LXML Xpath 查询
LXML Xpath Query
我正在编写一个小而肮脏的模块,将 XML 文档转换为 JSON,以便各种 Javascript 库可以在 [=38] 中显示它=].这涉及我学习使用 LXML 及其各种 XPath 函数。
我有以下代码块:
def parse(self):
parser = etree.XMLParser(remove_comments=True, encoding="UTF-8", no_network=True, recover=True)
root = etree.XML(self.text, parser=parser)
self.tree = etree.XPathElementEvaluator(root)
print(f"test: { self.tree('/*') }")
在我的单元测试中,输出如下:
test_parse (test_converter.TestConverter) ... test: [<Element {http://www.ivoa.net/xml/VOTable/v1.3}VOTABLE at 0x7fa2b99a8dc0>]
但是,当我尝试如下查询时,结果是一个空列表:
print(f"test: { self.tree('/VOTABLE*') }")
我试过将命名空间添加到 VOTABLE 前,如下所示,但也没有结果:
print(f"test: { self.tree('/{http://www.ivoa.net/xml/VOTable/v1.3}VOTABLE*') }")
谁能告诉我我犯了什么菜鸟错误?
示例数据:
<VOTABLE version="1.4" xmlns:xsi="http://www.w3.org/2001/XMLSchema-instance"
xmlns="http://www.ivoa.net/xml/VOTable/v1.3"
xsi:schemaLocation="http://www.ivoa.net/xml/VOTable/v1.3 http://www.ivoa.net/xml/VOTable/v1.3">
<DESCRIPTION>
VizieR Astronomical Server vizier.u-strasbg.fr
Date: 2020-11-07T11:43:26 [V1.99+ (14-Oct-2013)]
Explanations and Statistics of UCDs: See LINK below
In case of problem, please report to: cds-question@unistra.fr
In this version, NULL integer columns are written as an empty string
<TD></TD>, explicitely possible from VOTable-1.3
</DESCRIPTION>
<RESOURCE ID="yCat_3135" name="III/135A">
...
</RESOURCE>
...
</VOTABLE>
更新:解决方案
一旦 drec4s 指出我没有为查询注册命名空间,我就设法找出我做错了什么。这是代码的工作块:
parser = etree.XMLParser(remove_comments=True, encoding="UTF-8", no_network=True, recover=True)

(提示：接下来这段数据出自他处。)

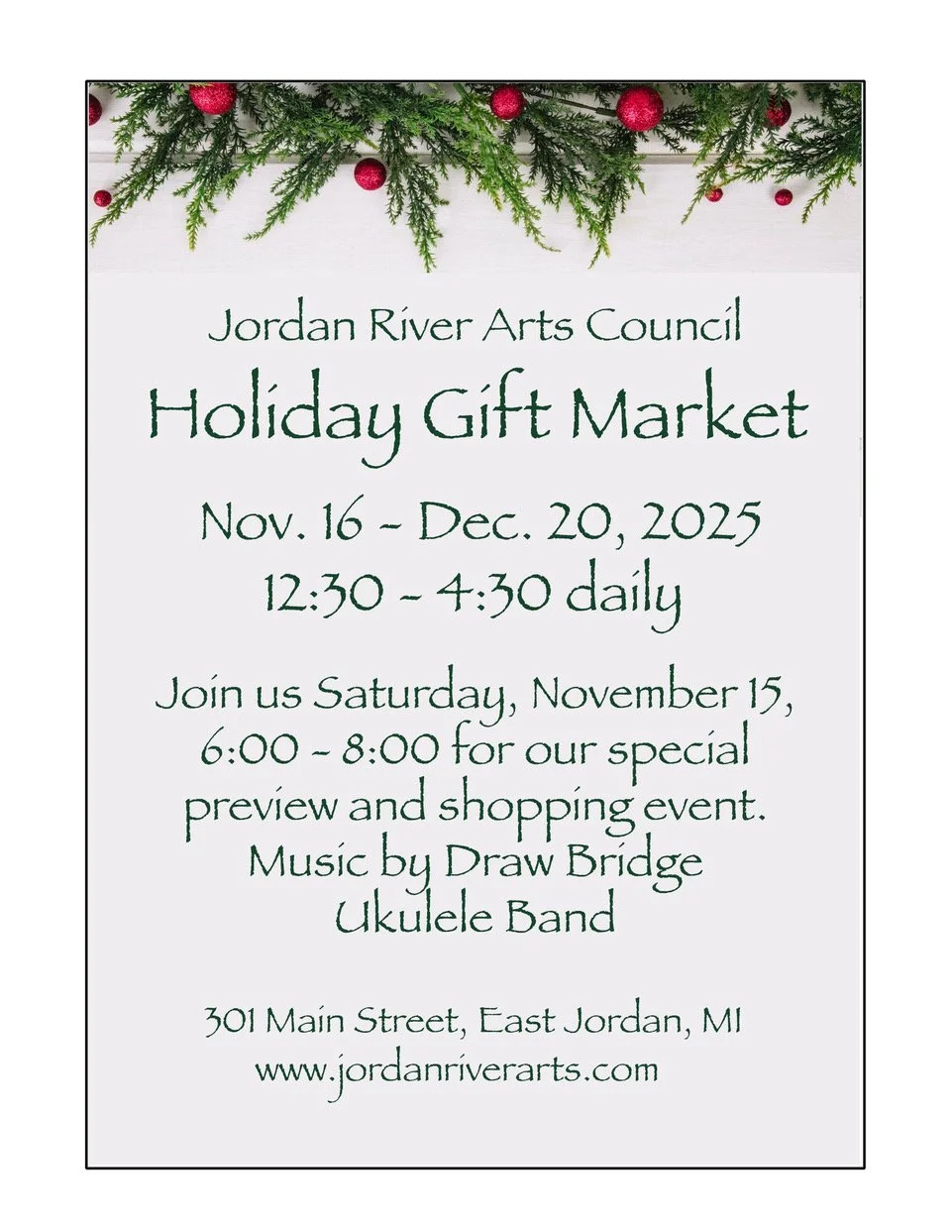 Holiday Market Sunday, November 16, 2025 12:30 PM Saturday, December 20, 2025 4:30 PM Jordan River Arts Council 301 Main St. East Jordan, MI 49727 United States (map) Google Calendar ICS View fullsize View fullsize View fullsize View fullsize View fullsize View fullsize View fullsize View fullsize View fullsize View fullsize View fullsize View fullsize View fullsize View fullsize View fullsize View fullsize View fullsize View fullsize View fullsize View fullsize

root = etree.XML(self.text, parser=parser)
self.tree = etree.XPathElementEvaluator(root)
self.tree.register_namespace("n", "http://www.ivoa.net/xml/VOTable/v1.3")
test = self.tree("/n:VOTABLE/n:DESCRIPTION/text()")
您可以使用 xpath
方法,但您还需要包含一个 namespace
映射到该方法:
from lxml import etree
from io import StringIO
xmldoc = StringIO("""
<VOTABLE version="1.4" xmlns:xsi="http://www.w3.org/2001/XMLSchema-instance"
xmlns="http://www.ivoa.net/xml/VOTable/v1.3"
xsi:schemaLocation="http://www.ivoa.net/xml/VOTable/v1.3 http://www.ivoa.net/xml/VOTable/v1.3">
<DESCRIPTION>
VizieR Astronomical Server vizier.u-strasbg.fr
Date: 2020-11-07T11:43:26 [V1.99+ (14-Oct-2013)]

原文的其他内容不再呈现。